Task input →
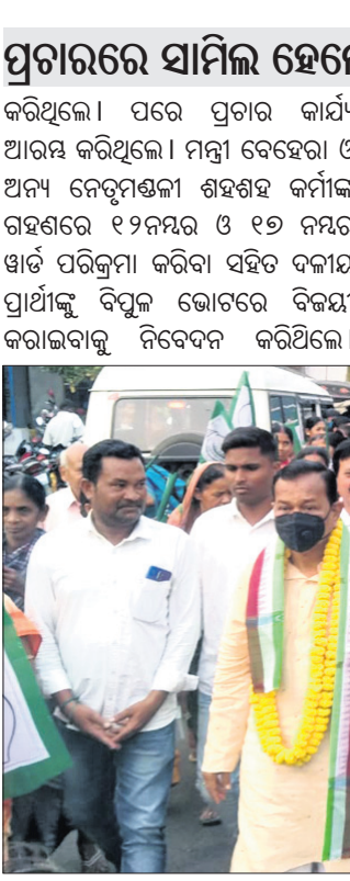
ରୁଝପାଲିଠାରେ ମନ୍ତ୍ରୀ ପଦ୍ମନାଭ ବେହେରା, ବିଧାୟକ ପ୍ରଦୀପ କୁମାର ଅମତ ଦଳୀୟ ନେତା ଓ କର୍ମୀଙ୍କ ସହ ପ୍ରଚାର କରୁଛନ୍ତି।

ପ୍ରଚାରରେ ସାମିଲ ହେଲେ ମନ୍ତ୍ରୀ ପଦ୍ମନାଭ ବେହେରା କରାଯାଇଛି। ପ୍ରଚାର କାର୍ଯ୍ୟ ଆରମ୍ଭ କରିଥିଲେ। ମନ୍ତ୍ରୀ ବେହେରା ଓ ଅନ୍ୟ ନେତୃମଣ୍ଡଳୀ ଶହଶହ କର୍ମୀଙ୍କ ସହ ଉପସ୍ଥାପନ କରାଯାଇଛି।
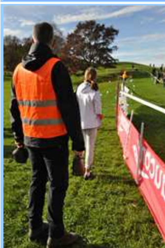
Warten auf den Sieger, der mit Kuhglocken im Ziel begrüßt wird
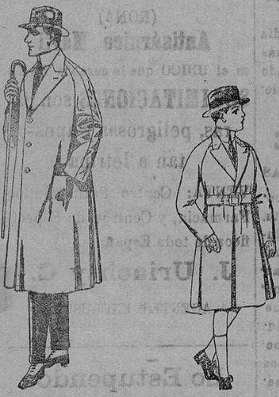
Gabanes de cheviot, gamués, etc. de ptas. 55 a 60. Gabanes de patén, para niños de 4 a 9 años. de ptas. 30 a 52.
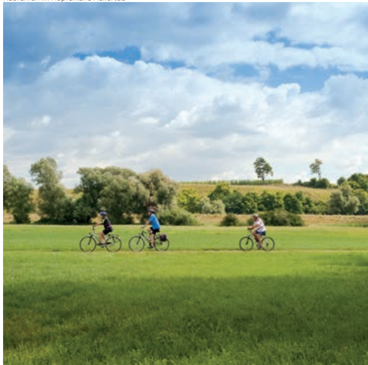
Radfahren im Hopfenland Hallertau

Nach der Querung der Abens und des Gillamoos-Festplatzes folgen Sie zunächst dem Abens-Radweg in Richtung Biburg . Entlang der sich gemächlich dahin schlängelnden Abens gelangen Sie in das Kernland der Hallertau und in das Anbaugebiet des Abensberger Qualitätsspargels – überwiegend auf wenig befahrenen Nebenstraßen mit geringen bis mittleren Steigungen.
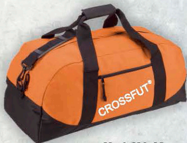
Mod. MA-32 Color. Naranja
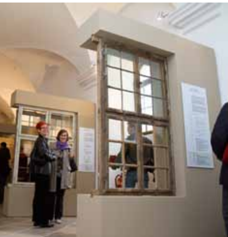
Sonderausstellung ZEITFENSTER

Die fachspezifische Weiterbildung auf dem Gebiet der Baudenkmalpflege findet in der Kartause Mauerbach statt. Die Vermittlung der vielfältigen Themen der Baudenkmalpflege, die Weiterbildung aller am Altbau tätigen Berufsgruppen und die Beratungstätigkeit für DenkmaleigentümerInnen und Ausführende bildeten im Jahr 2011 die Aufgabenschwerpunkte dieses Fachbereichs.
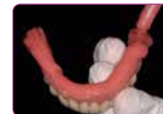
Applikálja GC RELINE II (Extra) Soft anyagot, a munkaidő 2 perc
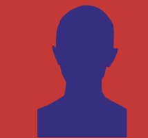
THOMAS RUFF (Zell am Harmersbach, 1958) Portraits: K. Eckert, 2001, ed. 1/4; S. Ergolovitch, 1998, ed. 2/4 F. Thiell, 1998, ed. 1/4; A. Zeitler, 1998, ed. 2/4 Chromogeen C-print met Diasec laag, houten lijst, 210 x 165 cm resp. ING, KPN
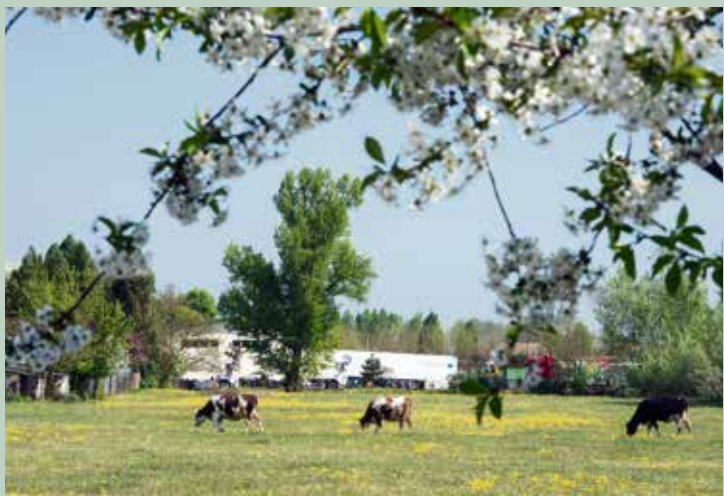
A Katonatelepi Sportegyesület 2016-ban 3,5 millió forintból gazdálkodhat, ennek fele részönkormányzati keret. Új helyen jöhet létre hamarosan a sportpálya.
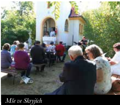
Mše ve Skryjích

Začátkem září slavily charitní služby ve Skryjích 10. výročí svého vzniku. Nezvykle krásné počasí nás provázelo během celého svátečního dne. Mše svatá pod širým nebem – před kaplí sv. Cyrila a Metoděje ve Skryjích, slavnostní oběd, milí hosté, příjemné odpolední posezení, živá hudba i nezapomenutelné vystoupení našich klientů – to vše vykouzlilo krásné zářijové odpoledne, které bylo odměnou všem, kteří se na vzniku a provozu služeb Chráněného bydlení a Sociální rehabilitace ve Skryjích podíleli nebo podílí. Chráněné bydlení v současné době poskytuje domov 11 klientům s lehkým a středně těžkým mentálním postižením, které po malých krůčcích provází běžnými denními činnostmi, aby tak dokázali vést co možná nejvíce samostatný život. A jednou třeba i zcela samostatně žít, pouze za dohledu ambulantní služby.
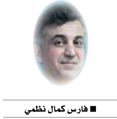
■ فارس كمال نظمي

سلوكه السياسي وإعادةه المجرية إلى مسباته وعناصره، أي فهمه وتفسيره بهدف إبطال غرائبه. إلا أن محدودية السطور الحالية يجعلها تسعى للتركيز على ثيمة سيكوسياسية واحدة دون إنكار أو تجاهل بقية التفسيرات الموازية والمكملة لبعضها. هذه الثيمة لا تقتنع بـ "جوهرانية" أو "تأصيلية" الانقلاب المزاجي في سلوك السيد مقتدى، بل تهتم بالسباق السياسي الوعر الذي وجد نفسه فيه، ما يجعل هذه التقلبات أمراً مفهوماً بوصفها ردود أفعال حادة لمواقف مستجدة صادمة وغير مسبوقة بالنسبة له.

Problem description → What lines in the material above hold the word "Hallertau"? Pull them out.

Answer for this exercise →
Radfahren im Hopfenland Hallertau
Nach der Querung der Abens und des Gillamoos-Festplatzes folgen Sie zunächst dem Abens-Radweg in Richtung Biburg . Entlang der sich gemächlich dahin schlängelnden Abens gelangen Sie in das Kernland der Hallertau und in das Anbaugebiet des Abensberger Qualitätsspargels – überwiegend auf wenig befahrenen Nebenstraßen mit geringen bis mittleren Steigungen.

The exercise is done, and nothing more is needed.